The increased incidence of identity theft is another major problem – more than 1.5 million people have been victimized by medical identity theft at an average cost of $20,000 to the victim. These statistics represent avoidable healthcare costs that directly impact the cost and quality of healthcare for every American. Healthcare fraud, waste and abuse (FWA) not only contributes to higher insurance premiums; every dollar spent on fraudulent or abusive claims reduces the amount of money available to improve the quality of care for those incurring legitimate expenses.

Now more than ever, the healthcare industry must migrate to a fraud control model that integrates fraud prevention and detection at the front-end of the payer workflow, applies analytic controls throughout the workflow, and incorporates post-pay detection and recovery processes at the back-end of the work flow. Claims review processes that incorporate rules-based data analytics, predictive modeling, and linking technologies allow commercial and government payers to identify fraud before an ineligible claim is paid.

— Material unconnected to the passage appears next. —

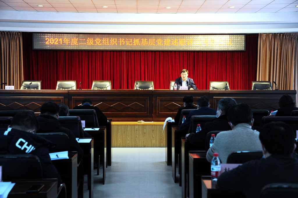 12月29日下午,學校在求實樓五樓會議室召開2021年度二級黨組織書記抓基層黨建述職評議考核會。校領導陳桂芝、董玉庭、齊宏偉、張文治、王剛、叢喜權、張樹軍、呂厚均、李奇楠、陶佰睿出席會議,學校黨委委員、紀委委員,各二級黨組織書記、部分“兩代表一委員”和教師代表參加了述職評議會。會議由校黨委副書記張文治主持。
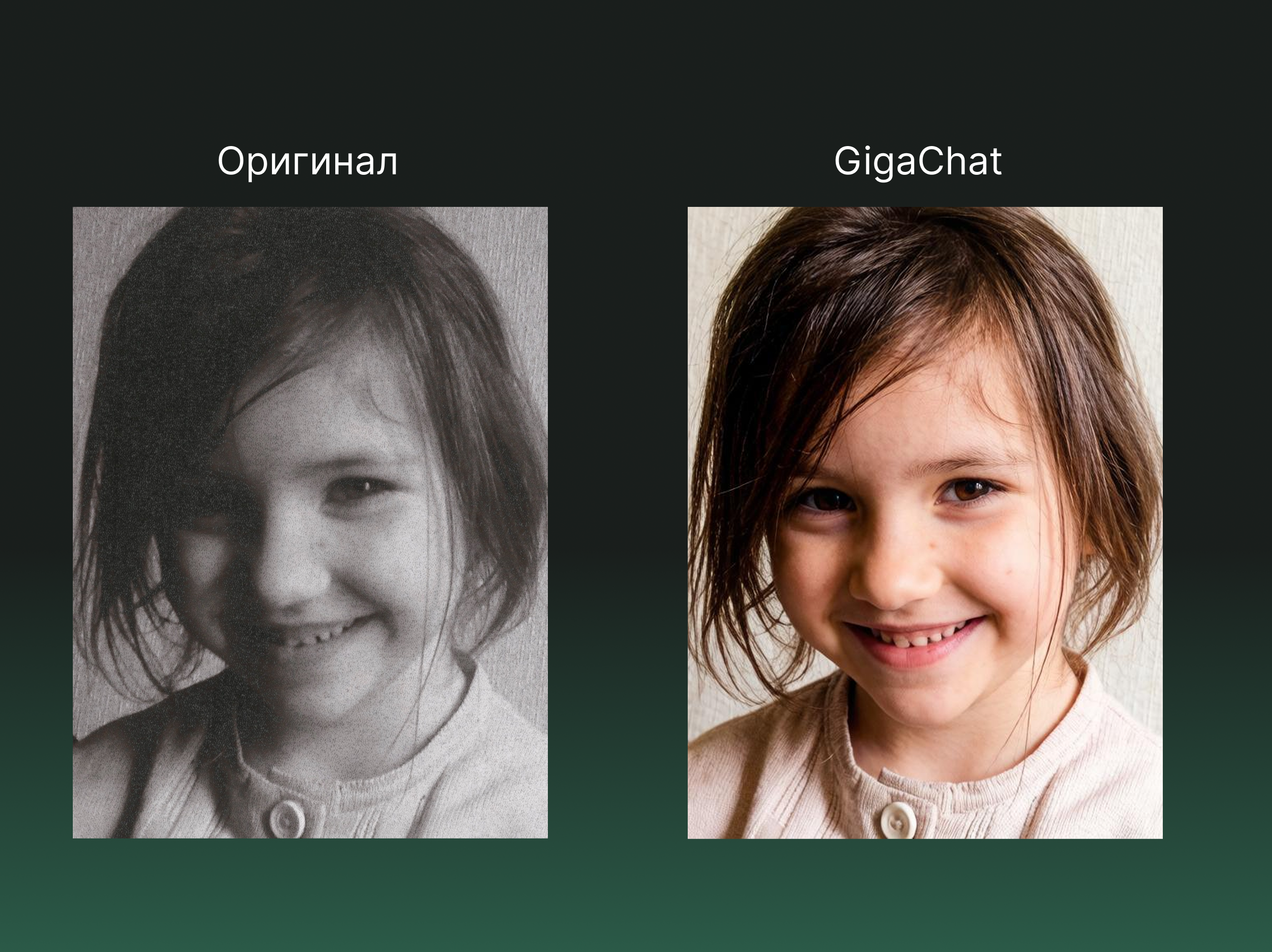 Источник: результат генерации в GigaChat Итог: фото стало четким, цвет передан корректно и выглядит естественно. Черты лица немного изменились по сравнению с оригиналом, однако общие пропорции и узнаваемость в целом сохранены.

Effective fraud detection is best achieved through a layered approach to claims analysis, including identity analytics, claims analytics (predictive modeling and rules-based fraud detection), and social network analytics.

  • Identity analytics: A “true” identity management approach includes verification and authentication of all provider identities, and a commitment to ongoing background evaluations. A health plan’s current provider file can be quickly and easily evaluated for derogatory information or indications of risk. New providers should also have their identities verified and evaluated as part of a standard enrollment qualification process. All providers’ identities should be periodically reviewed for critical changes between enrollment periods. This will enable the recovery of mispayments and eliminate unqualified and risky providers from a payer’s network proactively.

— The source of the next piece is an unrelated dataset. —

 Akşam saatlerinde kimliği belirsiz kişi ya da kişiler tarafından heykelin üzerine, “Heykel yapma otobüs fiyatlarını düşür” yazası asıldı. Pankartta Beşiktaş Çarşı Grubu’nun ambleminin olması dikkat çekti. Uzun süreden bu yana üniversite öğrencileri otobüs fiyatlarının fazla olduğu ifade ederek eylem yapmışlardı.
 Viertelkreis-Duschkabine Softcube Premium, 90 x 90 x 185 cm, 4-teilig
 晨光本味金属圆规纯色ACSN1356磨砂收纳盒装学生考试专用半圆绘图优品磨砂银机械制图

  • Claims analytics: Comprehensive pre-pay claims analytics consist of rules-based screens and edits, combined with predictive modeling that identifies the potential for improper payments by “scoring” claims and/or providers before a claim is paid. Traditional rules-based fraud detection systems that analyze claims and identify outliers are most frequently deployed post-payment. Moving this operation to the front-end of the claims payment process and complementing it with predictive modeling techniques is key to changing the game in favor of providers that are giving proper care and payers who are attempting to pay legitimate claims as quickly and efficiently as possible.

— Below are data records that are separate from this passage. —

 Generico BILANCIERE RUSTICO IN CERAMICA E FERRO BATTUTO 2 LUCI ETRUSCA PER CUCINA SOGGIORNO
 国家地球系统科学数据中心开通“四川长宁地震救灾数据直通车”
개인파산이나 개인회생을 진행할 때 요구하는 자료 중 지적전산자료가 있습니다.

  • Social network analytics: Much of the FWA that plague healthcare payers is the result of organized, sophisticated and collusive activities among providers and between providers and patients. Social network analysis can help identify relationships, links and hidden patterns of information sharing and interactions within potentially fraudulent clusters, including:
    • Patient relationships with known perpetrators of healthcare fraud;
    • Links between recipients, businesses, assets and relatives and associates;
    • Links between licensed and non-licensed and sanctioned providers; and
    • Inappropriate relationships between patients, providers, employees, suppliers and partners

As schemes and various provider technologies become more complex, healthcare organizations need to create wide-reaching FWA prevention programs that address the overall problem more holistically. By combining identity and entity resolution, rules-based claim and clinical review, complex linking analysis and predictive analytics into a seamless workflow, we will come closer to migrating an integrated pre-pay fraud solution to a real risk control environment with the potential to eliminate billions of dollars in improper payments due to FWA. This is not just a healthcare imperative, but a national economic imperative that must be addressed immediately. The analytics exist. It is time for those analytics to be implemented and the hard choices that enable that implementation to be made to insure that we remain at the forefront of quality care for all Americans.